While much of this is on the money, I feel compelled to point out here that Scott’s analysis employs one of the more classically unfair, not to mention outdated, maneuvers in literary criticism—i.e. assuming that whenever an author convincingly renders a particular human insecurity, deficiency, or delusion, she herself must, to some degree, share that flaw with her character. This is like assuming that Dostoevsky must have seriously contemplated committing murder in order to conjure Raskolnikov. On the other hand, Wallace’s fiction exhibits an intimate awareness of the alienating consequences of ironic sham-honesty. His literary preoccupation with the ways in which self-consciousness can become an inescapable trap, along with his candid nonfiction meditations on the problem, like his 2006 Kenyon College commencement speech, do suggest that he suffered from the sickness he so astutely diagnosed. In fact, the sharpness with which he describes the problem and the compassion and eloquence of the strategies he proposes for dealing with it, suggest he may have been sicker than any of us.[15] Where Scott is wrong, I think, is to assume that Wallace’s writing, which often mimetically depicts the most advanced symptoms of the disease, is itself sick.

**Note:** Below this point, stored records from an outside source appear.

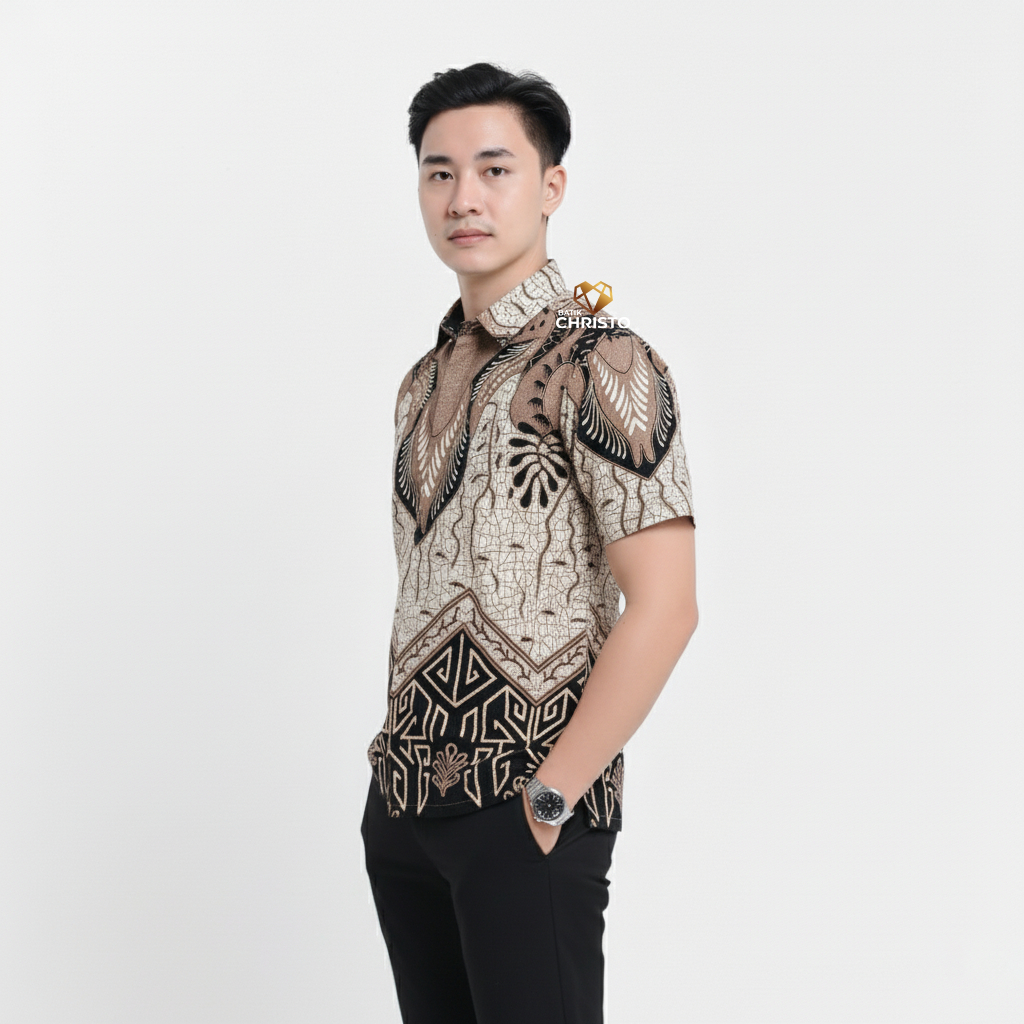 Kemeja Batik Pria Baju Lengan Pendek Slimfit Lapis Furing Batik Christo Pd0176 Bahan Katun Premium Elegan Motif Formal W
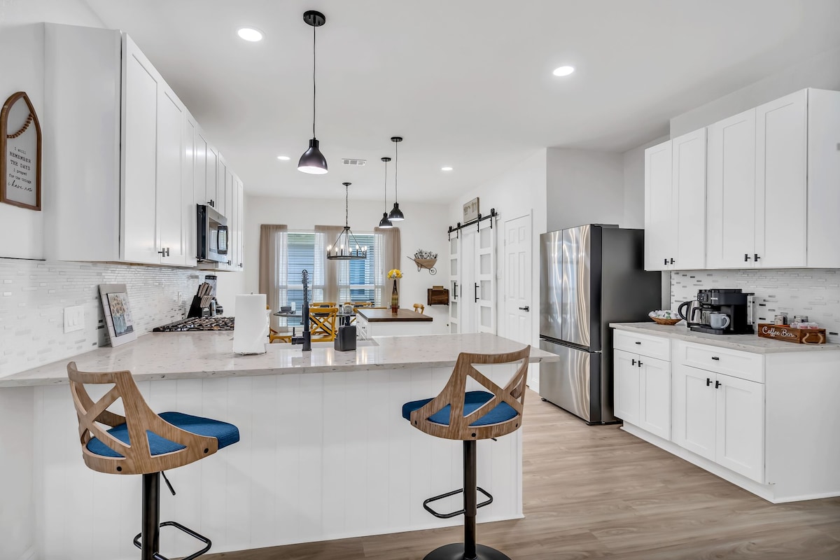 Have fun with the whole family at this stylish 3-bedroom home in the heart of Prosper, a charming town filled with shops, dining, and local attractions. This brand-new, thoughtfully designed home offers modern finishes, comfortable living spaces, and a spacious backyard perfect for relaxing or playing with the kids. Stylish furniture, fast WiFi, and large smart TVs ensure both comfort and entertainment for all. Please note: no parties or loud noise to maintain a peaceful stay.
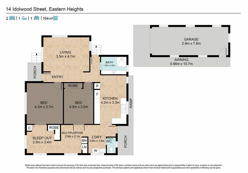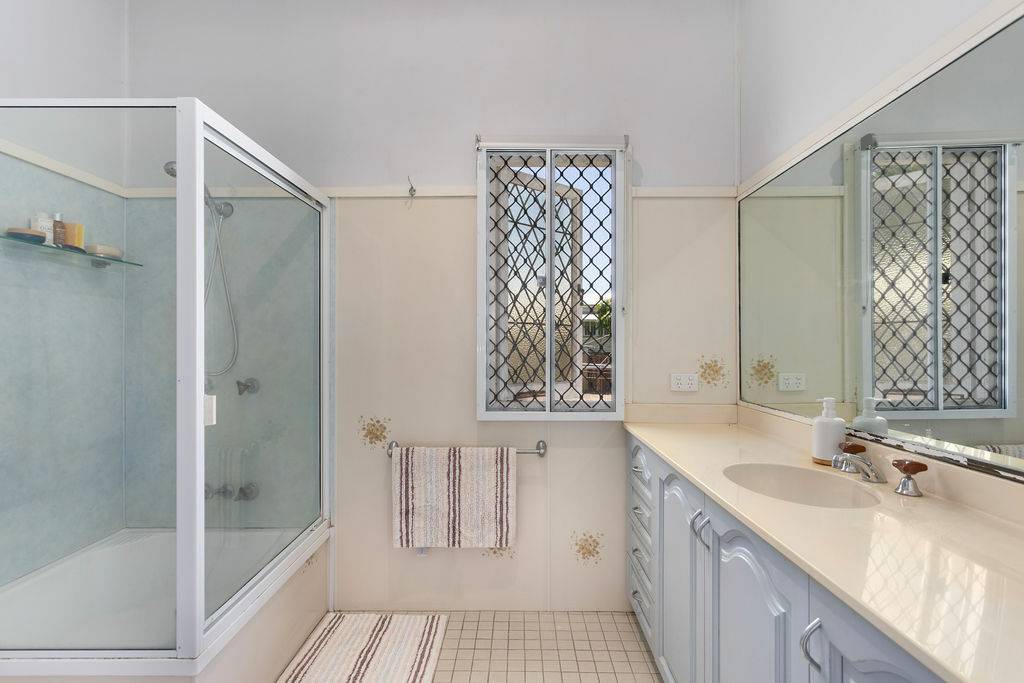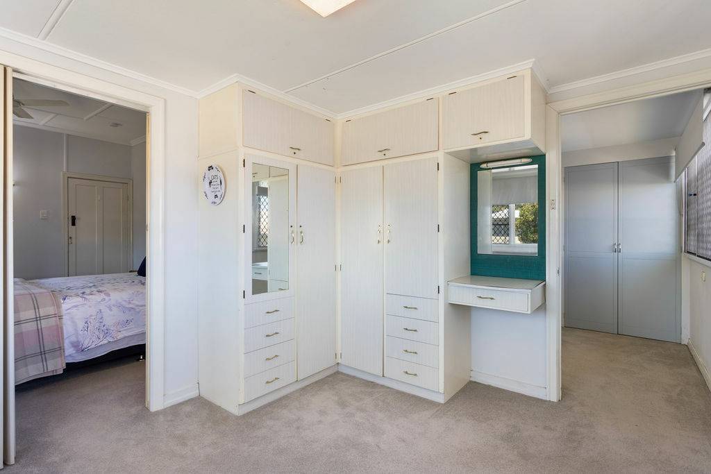 A secure front porch opens to the separate living area. To the right is the very generous main bedroom. A sleepout off this bedroom is filled with built in storage and vanity. A multi-purpose room has more storage. This area could be reconfigured to a walk-in-robe r ensuite.

Rather, I think Wallace’s fiction, if nothing else, represents one of the most sincere and painstaking efforts in contemporary literature to unsettle our “default setting”—the natural solipsistic narcissism that imprisons each of us inside our heads.

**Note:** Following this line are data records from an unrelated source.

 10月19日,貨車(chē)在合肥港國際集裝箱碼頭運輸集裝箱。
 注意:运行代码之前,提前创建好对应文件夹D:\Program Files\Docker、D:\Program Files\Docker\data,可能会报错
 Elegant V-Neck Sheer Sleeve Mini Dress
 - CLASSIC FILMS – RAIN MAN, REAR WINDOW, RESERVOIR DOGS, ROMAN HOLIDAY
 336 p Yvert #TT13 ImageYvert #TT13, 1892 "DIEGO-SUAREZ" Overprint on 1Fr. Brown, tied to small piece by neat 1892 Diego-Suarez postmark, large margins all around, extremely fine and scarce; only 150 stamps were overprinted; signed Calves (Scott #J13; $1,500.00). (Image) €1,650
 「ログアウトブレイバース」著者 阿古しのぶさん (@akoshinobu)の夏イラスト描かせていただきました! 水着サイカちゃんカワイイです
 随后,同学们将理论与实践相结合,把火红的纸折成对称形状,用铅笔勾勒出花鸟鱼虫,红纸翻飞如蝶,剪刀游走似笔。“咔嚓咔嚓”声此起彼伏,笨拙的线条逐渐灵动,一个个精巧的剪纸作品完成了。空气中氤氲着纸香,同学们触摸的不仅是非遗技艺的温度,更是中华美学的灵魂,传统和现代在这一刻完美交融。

One way that Wallace goes about this unsettling, both in Westward and “E Unibus Pluram,” is to deny the postmodern assumption that “cynicism and naiveté” are mutually incompatible. Which is to say, he challenges us to acknowledge that we can be hip, world-weary, ironically knowing, and still be scared shitless of misunderstanding, of being misunderstood, of being utterly and terribly alone. Lee Konstantinou, of the Legacy of… crowd, inverts this concept to suggest that Wallace wants his reader to “adopt a stance of non-naïve non-cynicism,” which he (i.e. Konstantinou) calls an ethic of ‘post-ironic belief.’ Wallace uses fiction, in this view, as a “last desperate effort to make us believe something, to feel anything.”


[15] From the Kenyon speech: “everything in my own immediate experience supports my deep belief that I am the absolute center of the universe; the realest, most vivid and important person in existence. We rarely think about this sort of natural, basic self-centeredness because it's so socially repulsive. But it's pretty much the same for all of us. It is our default setting, hard-wired into our boards at birth.”